Attention Artists: Brushes and Paint are now Free
Flickr and YouTube are wonderful services that have been lauded in the press hundreds of times this year, but recently I figured out their worth was much more profound.
Back in college, I spent my free time designing web pages for fun and due to my dead broke status, I got a lot of software on heavy student discount, borrowed copies from friends, and if need be, pulled copies from usenet. It used to be pretty easy to get copies of anything you needed and I justified it by saying when I went on to a career in web design, my employers would be purchasing full licenses of the products I bought, borrowed, and stole.
I also had this idealistic mantra: when everything you are creating is digital, the supplies should be free. An artist should never be limited by tools she cannot afford. Ideas should be the only limits.
Fast forward a few years and most of the things I clung to in college came true. My employers bought full copies of Photoshop and I generally had access to limitless free bandwidth thanks to employers and friends. The only limiting factors were my ideas and imagination. Anything I could create I could upload to my server and share it with the world.
But there was one thing I never thought quite worked out right, and that was The Bandwidth Problem. The web is an amazing, democratic, open, limitless thing that has forever changed my (and everyone's) life, but it always had the Achilles Heel of paying for bandwith. In the early days of the web there were plenty of free hosts with limitless bandwidth and we got all sorts of things like Mahir's I Kiss You, dancing hamsters, and fighting stick figures.
Free hosting popped just like the bubble did, and as blogs began to gain popularity in 2001-2003, paying for bandwidth was a constant problem, especially for sites with no revenue. During those years I talked to a lot of people with interesting ideas that were held back by the fact they couldn't afford to host their work or pay for the downloading of it by thousands.

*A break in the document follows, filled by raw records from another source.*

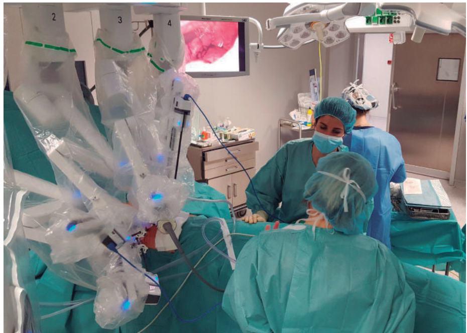
La lobectomía robótica realizada en HLA permitió dar el alta a la paciente en tres días.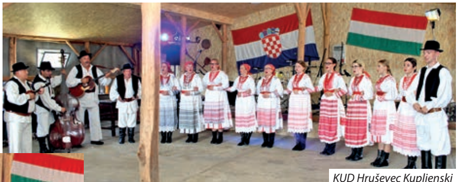
KUD Hruševac Kupljenski

Zajedništvo i složnost potribuju velika, ali i mala sela, tako je svaki put zvanaredna prilika kad stanovnici moru skupadojti, veseliti se, pogostiti svoje prijatelje, kad zato imaju volju i želju. Ovoljetni seoski dan u Hrvatski Šica dobio je 10. augustuša, u subotu, otpodne hrvatski naglasak i zavolj maše zadušnice u čast bivšega farnika Hrvatskih Šic, Józsefa Vizyja, povodom 25. obljetnice njegove smrti, ku je na hrvatskom jeziku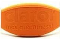
laser engraved no color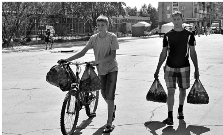
Никто не ушёл в этот день с пустыми руками...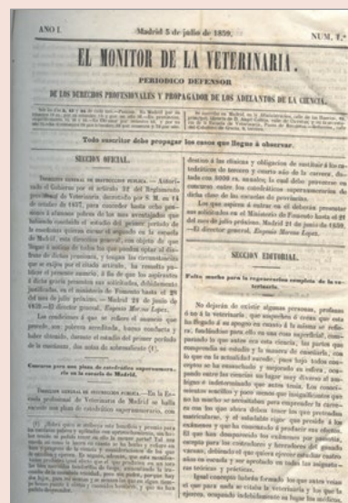
Figura 1.- Primer número publicado de El Monitor de la Veterinaria .

En el primer artículo de ese último número, que Casas titula “Despedida”, expone brevemente su deseo cuando indica: “En una palabra, hacia falta entre los veterinarios españoles un periódico dedicado pura y exclusivamente á la ciencia, que nunca diera cabida á personalidades de ningun género porque perjudican bajo todos conceptos y porque se conocen otros terrenos donde ventilarlas”. 2 Estas palabras ponen de manifiesto las tradicionales polémicas mantenidas con otras revistas profesionales, nacidas ya en la década de los años 50 del siglo XIX, como El Eco de la Veterinaria , fundada por antiguos alumnos de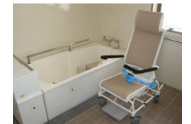
車椅子の方のために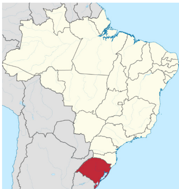
Rio Grande do Sul no mapa do Brasil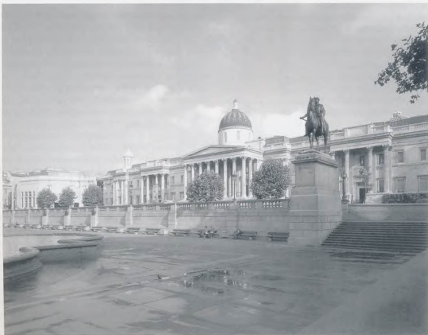
Londonska nacionalna galerija

Ovo je jedan od primjera kako Nacionalna galerija pokušava i najširoj publici približiti djela iz svog fundusa. "Izlazak na ulicu" čini se drastičnim načinom predstavljanja klasičnog rada, ali bez politike koja nije u stanju primjereno odgovoriti na zahtjeve suvremene publike Nacionalna bi galerija ostala samo ustajala ustanova. Danas, u vremenu velikih konkurencija, nije više dovoljno razmišljati u terminima poboljšavanja osvjetljenja, minimalnih preinaka u stalnom postavu, proširenja prostora pa čak i dobrih gostujućih izložbi, nego se inzistira da sve to bude u funkciji privlačenja što šireg spektra publike, da galerijske zbirke budu osnova inovativnim projektima koji će zadovoljiti znalce umjetnosti, ali i biti dostupni svima onima kod kojih tek treba razviti kulturu obilaska muzeja, od pučanstva lokalnih zajednica do školske djece. Upravo zbog agilnih izlagačkih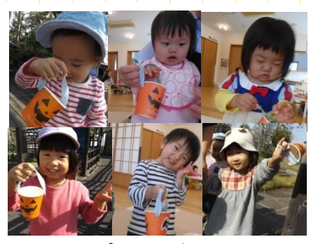
ハッピーハロウィン♪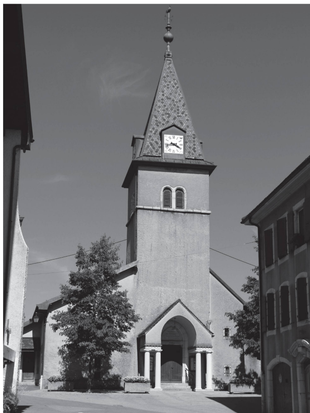
3 Clocher-porche, état actuel (photo G. Curchod, 2015).

de restauration et d'aménagement du temple. La seule étude historique dédiée au bâtiment, rédigée en 1995 par un instituteur local, Henri Burnier, nous permettra d'avoir une vue d'ensemble de son évolution au cours des siècles 10 avant d'étudier en profondeur l'intervention de Frédéric Gilliard. Notons que cette étude doit être considérée avec précaution, car elle n'est pas référencée.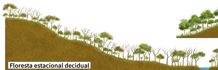
Floresta estacional decidual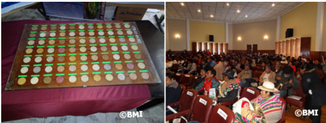
Diversidad genética de la quinua (izq.) y una vista de los asistentes (der.)

El Simposio se caracterizó por la presencia de productores nacionales e invitados del exterior, asociaciones de productores, investigadores nacionales e internacionales y personas interesadas en la temática, por lo que la metodología empleada en el mismo permitió que las exposiciones sean a partir de experiencias propias de los productores como también de los resultados de investigaciones científicas, entablando mesas de debate con el público presente.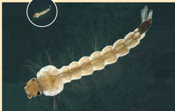
Imatge ampliada d'una larva del moscard tigre Imagen ampliada de una larva del mosquito tigre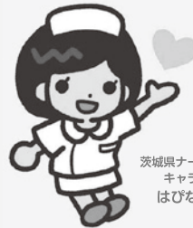
茨城県ナースセンター キャラクター はびなちゃん

〒307-0001 結城市結城 1211-7 (茨城県結城看護専門学校内) TEL : 070-1544-1383 e-mail : ibanc-kensei@ina.or.jp 相談日 : (月) (水) 9:30 ~ 15:30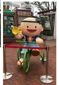
うなぎパイファクトリー

静岡へ姪っ子の吹奏楽の応援に行って来ました。ついでに出世城と言われる浜松城へ。小さいとはいえお城って迫力ありますね！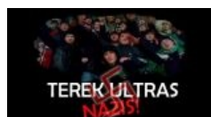
Толсто, очень толсто.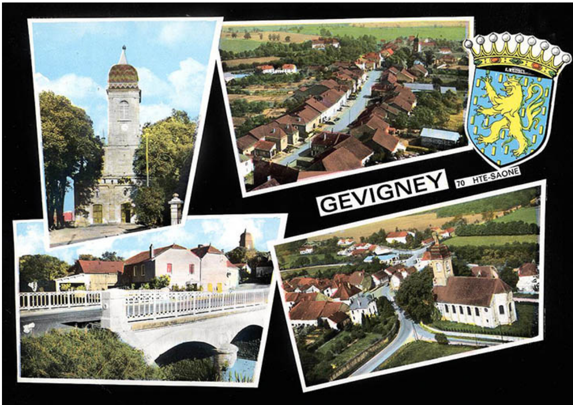
Souvenir de Gevigney-et-Mercey, carte postale. 70, Gevigney-et-Mercey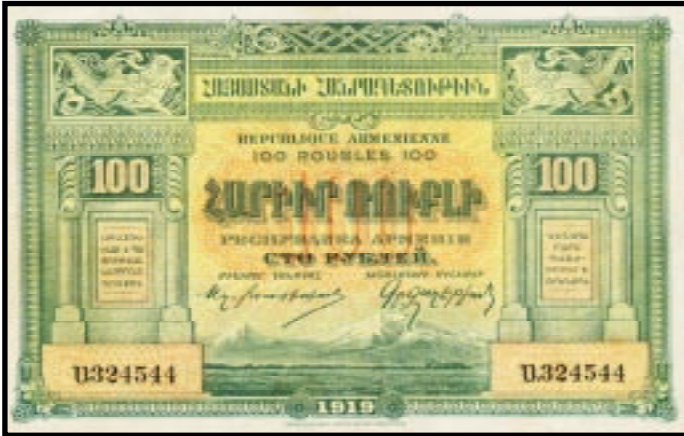
100 Rubel 1919 (mit dieser Datierung gibt es 5 verschiedene 100-Rubel-Noten)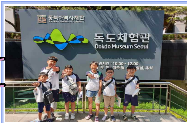
독도 체험관 견학(8.22.)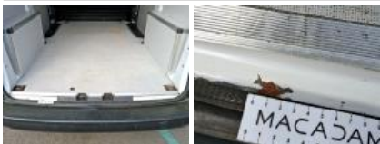
Pare-chocs AR, Cassé, E - Remplacer

Nosepilot was a great example of the problem. Flash was still synonymous with "skip intro" and crappy techno background sounds when some random freaky artist builds a continuous sort-of story that takes the form of a whimsical scrolling film. The hosted file was something like 50Mb in size if you played the whole thing and as it gained instant popularity, the creator was hit with a multi-thousand dollar bill from his provider. I remember him trying to raise money through donations and giving him something via paypal. He eventually had mirrors set up to view the file on other servers while he was trying to sue his host into cutting the bill down. It was an ugly outcome for such a lovely piece of net art.

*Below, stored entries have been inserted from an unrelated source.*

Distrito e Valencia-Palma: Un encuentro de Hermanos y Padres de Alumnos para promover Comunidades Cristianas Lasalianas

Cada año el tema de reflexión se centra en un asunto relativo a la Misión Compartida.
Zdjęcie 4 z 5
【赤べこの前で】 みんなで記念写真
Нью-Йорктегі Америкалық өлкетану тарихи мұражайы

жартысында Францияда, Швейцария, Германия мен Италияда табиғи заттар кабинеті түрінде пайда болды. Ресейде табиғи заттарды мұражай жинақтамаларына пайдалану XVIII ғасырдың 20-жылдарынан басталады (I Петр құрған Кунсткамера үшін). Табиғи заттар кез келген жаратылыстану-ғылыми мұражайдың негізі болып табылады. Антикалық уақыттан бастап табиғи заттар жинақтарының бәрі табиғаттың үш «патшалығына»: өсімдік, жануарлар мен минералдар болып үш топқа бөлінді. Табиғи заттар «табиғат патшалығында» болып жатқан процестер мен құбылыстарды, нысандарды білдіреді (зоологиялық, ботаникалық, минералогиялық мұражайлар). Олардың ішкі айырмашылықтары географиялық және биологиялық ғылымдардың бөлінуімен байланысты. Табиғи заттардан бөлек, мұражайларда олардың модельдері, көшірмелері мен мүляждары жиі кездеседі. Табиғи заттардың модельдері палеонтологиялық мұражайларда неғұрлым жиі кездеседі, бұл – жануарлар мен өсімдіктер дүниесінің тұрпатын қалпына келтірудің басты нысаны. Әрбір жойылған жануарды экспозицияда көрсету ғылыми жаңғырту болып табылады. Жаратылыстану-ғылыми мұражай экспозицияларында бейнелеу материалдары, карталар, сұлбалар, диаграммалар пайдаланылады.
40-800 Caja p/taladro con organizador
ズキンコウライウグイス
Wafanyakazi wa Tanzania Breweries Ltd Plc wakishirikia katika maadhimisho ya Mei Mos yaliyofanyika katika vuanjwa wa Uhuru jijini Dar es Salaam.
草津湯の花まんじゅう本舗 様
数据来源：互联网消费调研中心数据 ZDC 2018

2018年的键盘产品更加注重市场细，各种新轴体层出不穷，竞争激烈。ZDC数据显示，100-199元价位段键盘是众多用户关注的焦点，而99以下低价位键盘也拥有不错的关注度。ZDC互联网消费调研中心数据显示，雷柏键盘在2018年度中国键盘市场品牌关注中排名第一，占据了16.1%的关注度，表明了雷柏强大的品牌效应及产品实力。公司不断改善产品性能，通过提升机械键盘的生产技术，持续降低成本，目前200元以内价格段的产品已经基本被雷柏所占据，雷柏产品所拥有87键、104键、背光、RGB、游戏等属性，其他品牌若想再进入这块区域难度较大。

These days, whenever I see someone on Ask MetaFilter wanting to explain something, they'll almost always link to a screenshot hosted on flickr or a short cameraphone video on YouTube. I think we've all forgotten what the web was like before YouTube came around. Just a year ago, video on the web was still a thorny problem. The only people that could reliably offer it were huge movie and TV studios, and I recall even downloading the video for "A Million Ways" by Ok Go last summer required people volunteering mirrored downloads of a quicktime file.
Just over a year ago, I found something incredible on usenet: a mock terror exercise that was part of some anti-terrorism training program. In order to share the 81Mb file, I had to set up my own bittorrent server to share the download bandwidth with others. Even with bittorrent, when the file was linked on BoingBoing, the server crashed to a halt, and when brought back, almost maxed out my bandwidth for the month in a couple days. Until that time, I always considered my server shared with a friends was limitless at 1200 gigabytes a month, but this one video almost cost me a bundle.
Thankfully in 2006, everyone has YouTube and Flickr. Video is no longer a problem online. You can post thousands of huge images on Flickr and not have to foot any bill. You are free to create any movie, design, or photograph without fear of getting punished financially for its popularity. It can cost nothing to host, and millions can experience it.
The tools to deliver your creations are finally free. I am already seeing profound changes in how students can create and share their work but I bet in a couple years from now it'll be even more dramatic. We'll look back at the days when you were charged by the downloaded megabyte as quaint and laugh and wonder what things were like before YouTube and Flickr (and others, of course) took away those limits.